The short answer: The 21st Century Cures Act information-blocking rule (45 CFR Part 171) prohibits healthcare providers, IT developers, and HIEs / HINs from engaging in practices that interfere with the access, exchange, or use of electronic health information. The rule is enforced by ONC and OIG, with civil monetary penalties up to $1 million per violation for IT developers and HIEs and disincentives for providers. Exceptions allow legitimate reasons to limit disclosure.

Chad Campbell
Chad Campbell · AVP, Compliance & Transitions· Reviewed 2026-05-15

Key takeaways

  • Prohibits interference with EHI access, exchange, and use
  • Applies to providers, IT developers, and HIEs / HINs
  • CMPs up to $1M per violation for IT developers and HIEs; disincentives for providers
  • Eight exceptions allow legitimate reasons to limit disclosure
  • USCDI v3 defines the scope of EHI in the near term; full EHI definition applies long term

The numbers

$1M
Civil monetary penalty per violation (IT developers, HIEs)
ONC
8 exceptions
Permitted practices under the rule
45 CFR Part 171
USCDI v3
Near-term scope of EHI
ONC

The eight exceptions

The rule provides eight exceptions to information blocking — practices that would otherwise look like blocking but are permitted because they serve a legitimate purpose.
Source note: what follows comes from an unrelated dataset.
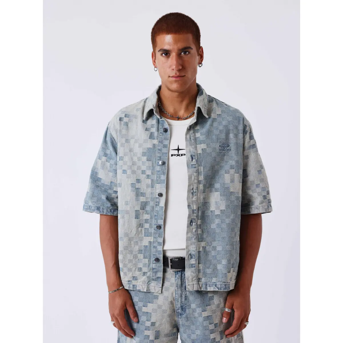 De Project X Paris 2693115 Denim Zomerset voor heren is perfect voor de lente/zomer collectie. Deze lichtblauwe set bestaat uit een kraagshirt met korte mouwen en een bijpassende broek. De set heeft een loosefit pasvorm en is gemaakt van een mix van katoen, polyester en viscose voor een comfortabele en luchtige feel. Het shirt heeft een knoopsluiting en is voorzien van twee zijzakken. Het design is eenvoudig maar stijlvol, met een effen, geruit en logoprint patroon. Ideaal voor een casual en trendy look tijdens warme dagen. Met de Project X Paris zomerset ben je helemaal klaar voor de zomer!

Examples: preventing harm, privacy, security, infeasibility, content and manner, licensing, fees, and health IT performance.
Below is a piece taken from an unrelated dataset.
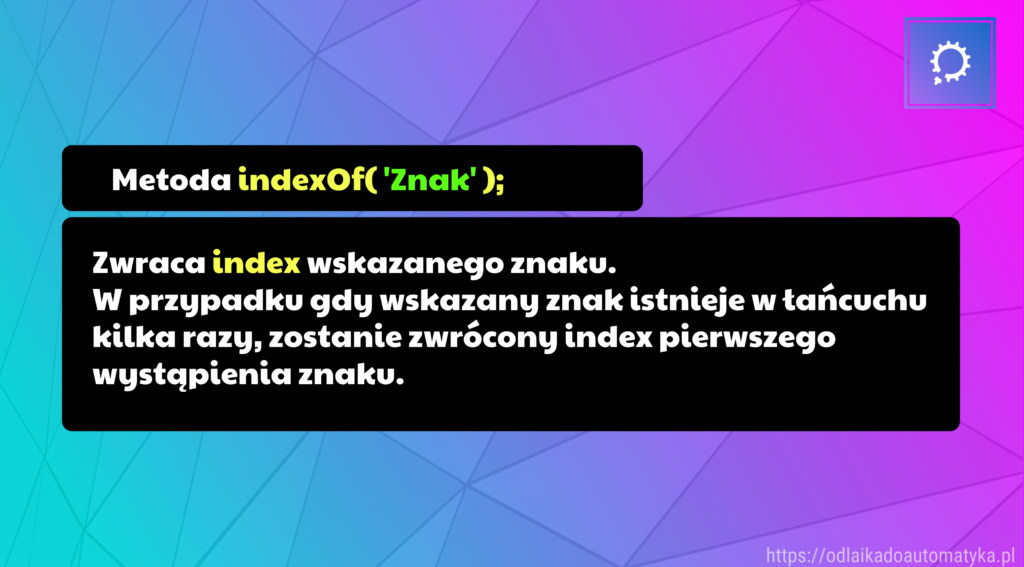 Metoda indexOf(’znak’); zwraca index wskazanego znaku. W przypadku, gdy wskazany znak istnieje w łańcuchu kilka razy, zostanie zwrócony index pierwszego wystąpienia znaku.

Frequently asked questions

What is information blocking under the 21st Century Cures Act?

A practice — except as required by law or covered by an exception — that interferes with the access, exchange, or use of electronic health information. The rule applies to providers, health IT developers, and HIEs / HINs.

What are the penalties for information blocking?

For IT developers and HIEs / HINs: civil monetary penalties up to $1 million per violation, enforced by OIG. For providers: disincentives administered by CMS (such as reduced Medicare promoting interoperability score). Eight exceptions allow legitimate reasons to limit disclosure.